When the queasiness sets in at night the last thing I feel like doing is cooking up a storm. Because of this, casseroles have been a great solution. I can whip them up in the morning or days before and reheat at dinnertime.
Mexicali Hamburger Casserole
adapted from Better Homes and Garden
1 1/2 lb grass-fed ground beef (I use Wallace Farms)

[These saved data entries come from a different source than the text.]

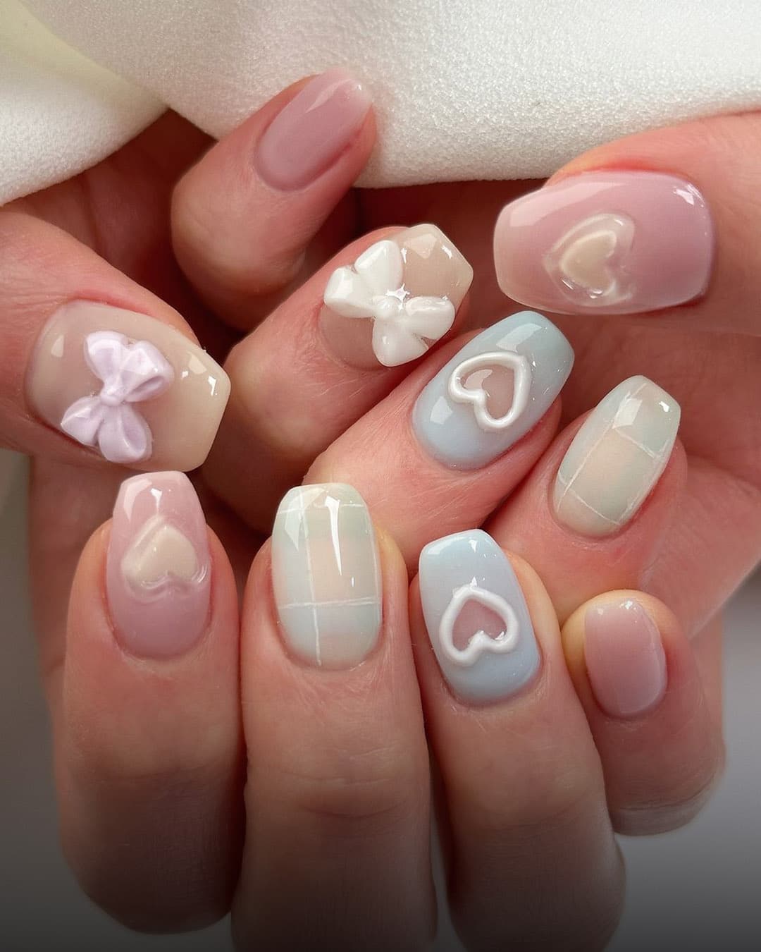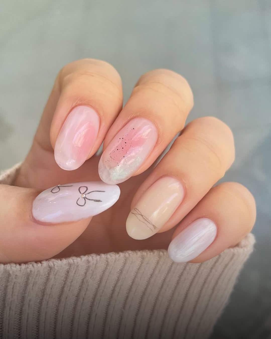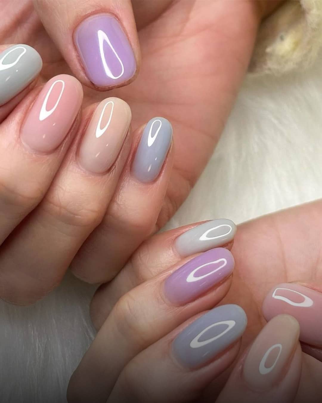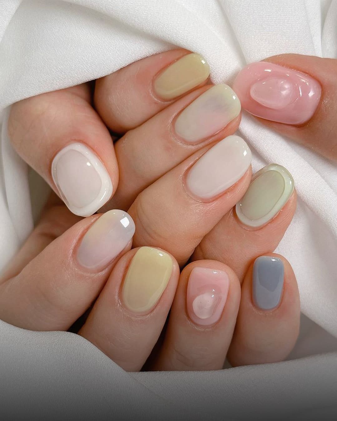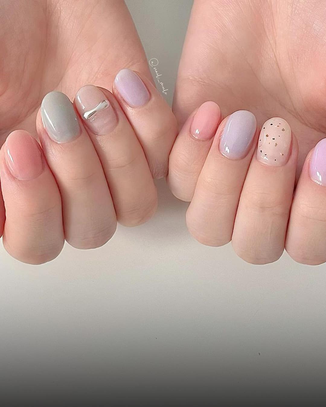 열 손가락을 한 컬러로 통일하는 것도 좋지만, 손톱마다 다른 파스텔 컬러로 구성해 나만의 조합을 만들어 보는 것도 좋은 방법입니다.
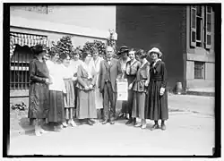 Maud Wood Park was brought to Wisconsin in 1908 by Brown and spoke and helped set up suffrage groups at several colleges.[33] At the end of 1909, WWSA helped circulate a petition for a federal women's suffrage amendment.[33] Within six weeks, they had collected more than 18,000 signatures on the petitions.[33] One octogenarian, Mrs. Wentworth, collected 1,000 names herself.[33] Another women's suffrage organization, the Political Equality League (PEL), was formed in 1911 with Ada James as president.[47] This group was created by members who wanted a more active organization.[48] Youmans did public relations for PEL.[49]
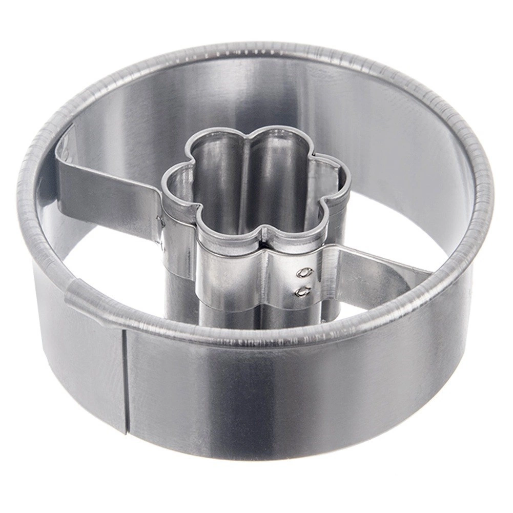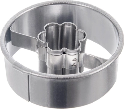 Pratique emporte-pièce en acier inoxydable en forme de cercle avec ouverture fleur au centre pour réaliser facilement des biscuits et pains d’épices originaux. Grâce à l’ouverture centrale, vous pouvez garnir les biscuits de confiture ou de chocolat. Acier inoxydable résistant, usage polyvalent et entretien facile au lave-vaisselle en font un excellent allié pour toutes vos pâtisseries.
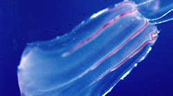 Beroe feeds primarily on the other common ctenophore in the Bay, the sea walnut.
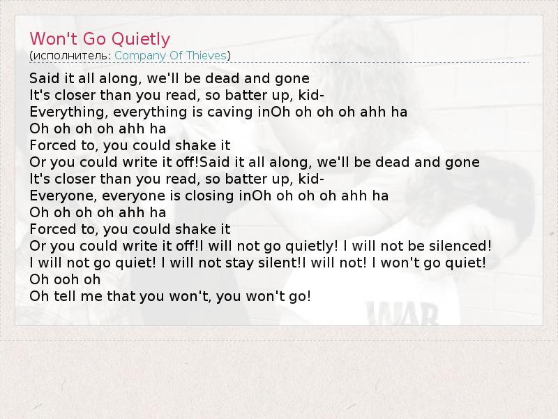 А как ты думаешь, о чем песня "Won't Go Quietly" ?
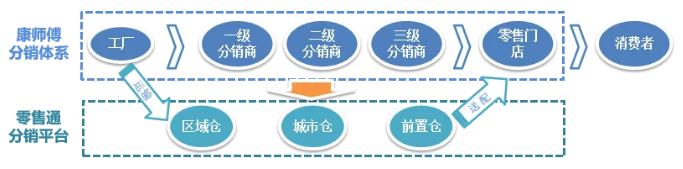 而對于康師傅而言,以往只是將物流外包給第三方,分銷商流仍由自己把控;而傳統(tǒng)的分銷體系中,商品從工廠到小店的鏈路長,通常要經(jīng)過三四個層級,而且品牌廠商一般只和代理商、經(jīng)銷商接觸,對于末端小店的銷售情況知之甚少,更不用說對最終消費者的感知了。鏈路長、數(shù)據(jù)斷層等導致牛鞭效應較為明顯,因此康師傅也希望借助數(shù)字化平臺來打通渠道鏈條、提升通路效率。
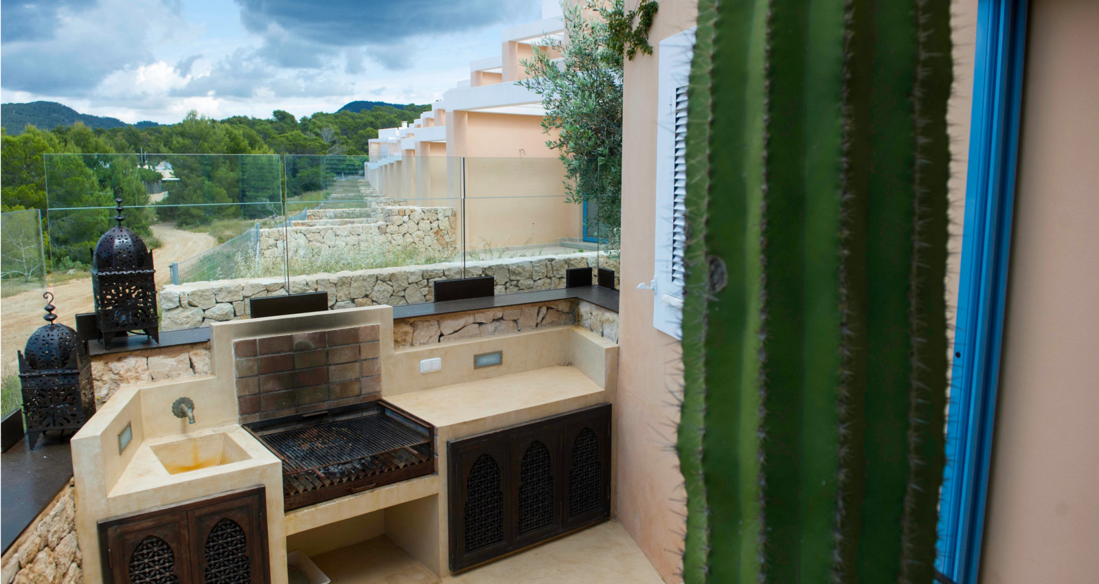 At 1.200 m distance there are shops, ATM’s, supermarkets and the marina Cala Corral. It is close to the sandy beach Cala Tarida (800m) with restaurants, beach shacks, sun beds and water sports possibilities, Cala Moli is 1 km away, also Cala Vedella and Cala Compte are close at 4 km. Cala Carbó and Cala D'Hort are 6 km away. The next town San Josep de Sa Talaia is 7 km, Ibiza is 18 km away. Nearby restaurants are:
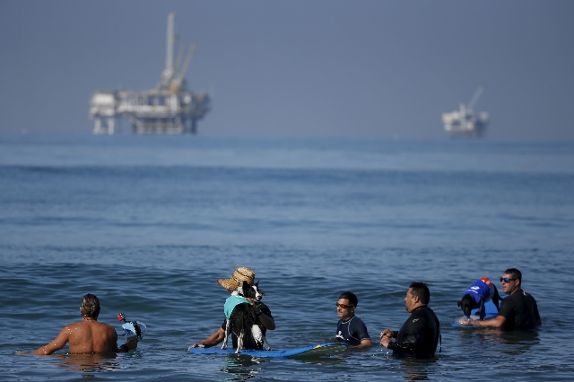 Surfing dogs wait for waves with their owners in front of oil platforms during the Surf City Surf Dog Contest in Huntington Beach, California September 27, 2015. REUTERS/Lucy Nicholson
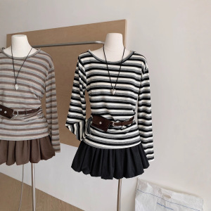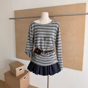 设计感斜领露肩条纹长袖T恤女秋季2025收腰遮肉显瘦百搭上衣
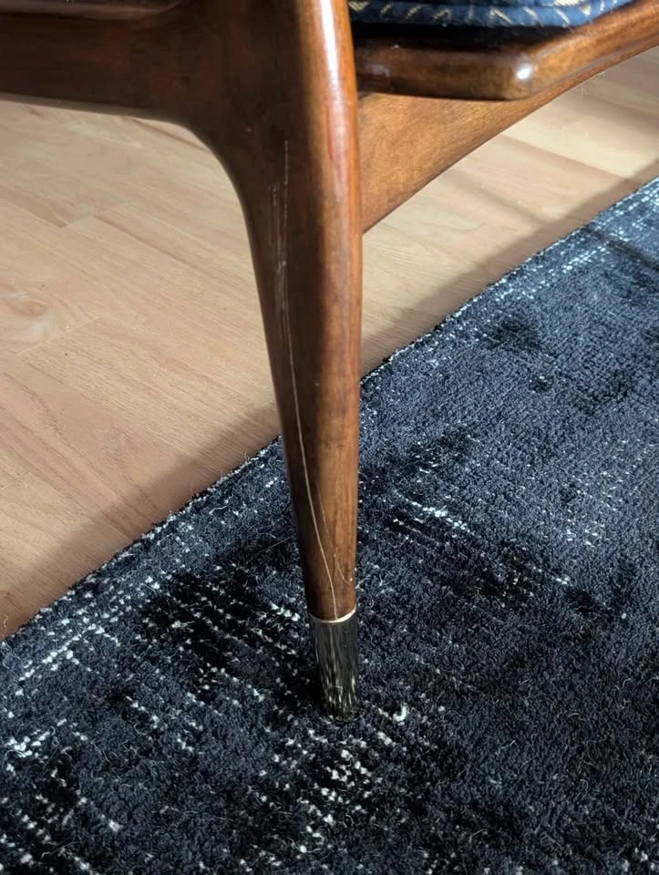 Birch frame with brass accents; medium natural finish
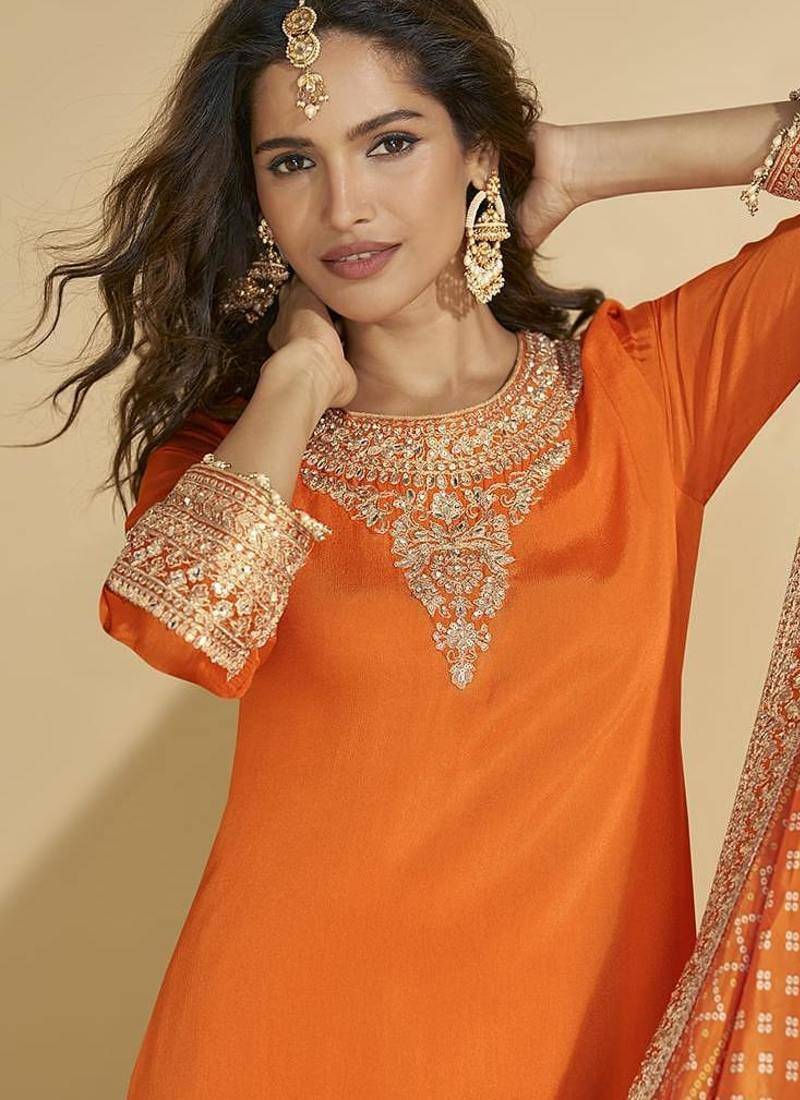 | Product Name | Orange Color Chinon Palazzo Suit | |
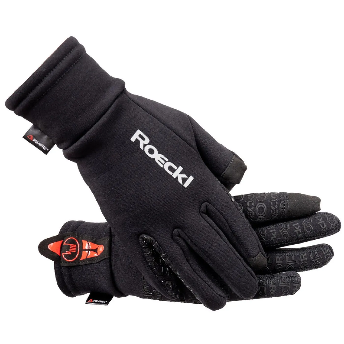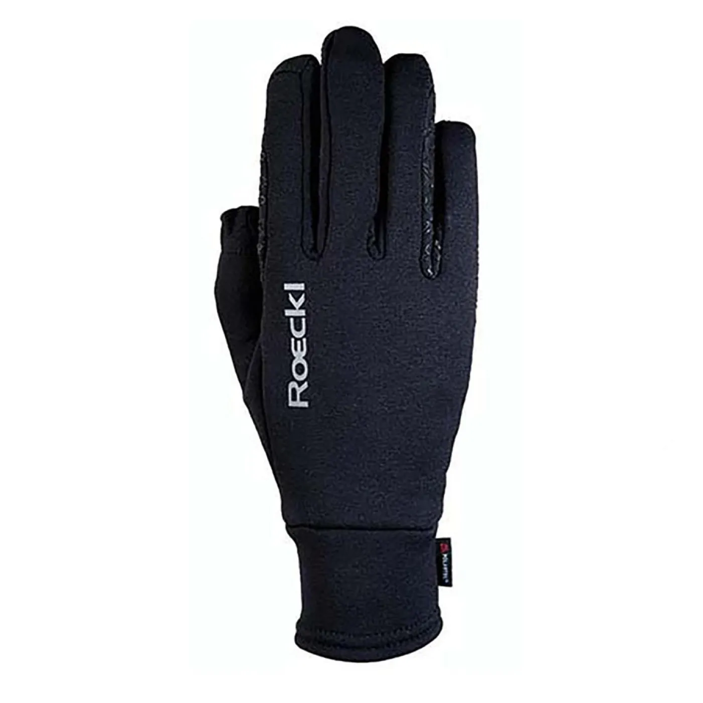 Highly versatile and extremely elastic; Roeckl Sports presents the Weldon. This all-rounder is touchscreen compatible, allowing you to use your smartphone without having to take off your gloves. The thumb and index finger were designed using the sophisticated 3D cut to enable quicker and easier use of the touchscreen without compromising wear comfort. Thanks to Roeckl’s exclusive comfort-cut, extra trimming on the index finger is not required. The backhand and palm are made from warm, soft Polartec® Power Stretch® Pro. The materials’ particularly heavy quality guarantees extra warmth, while the flatlock seams provide increased wear, comfort and grip. The palm featuring countless siliconized little Roeckl hand logos help offer a perfect grip on the reins. The area between the ring finger and the little finger, which comes into contact with the reins, features an additional siliconized reinforcement. Pull-on construction makes it easier to put on the gloves.

1 can (15oz) Mexican-style diced tomatoes, undrained
1 1/2 C frozen corn, thawed
1/2 C plus 2 T finely shredded 2% Mexican-style cheese, blend divided
1/2 C whole wheat flour
1/2 C yellow cornmeal
1 T sugar
1 1/4 baking powder
1/2 tsp salt
1 egg, beaten
2/3 C skim milk
2 T canola oil
Heat oven to 350F. In a 12inch skillet, cook ground beef over medium heat until brown; drain off fat. Stir in undrained tomatoes and corn; heat through. Transfer to greased 2qt baking dish. Sprinkle with 1/2C of the cheese.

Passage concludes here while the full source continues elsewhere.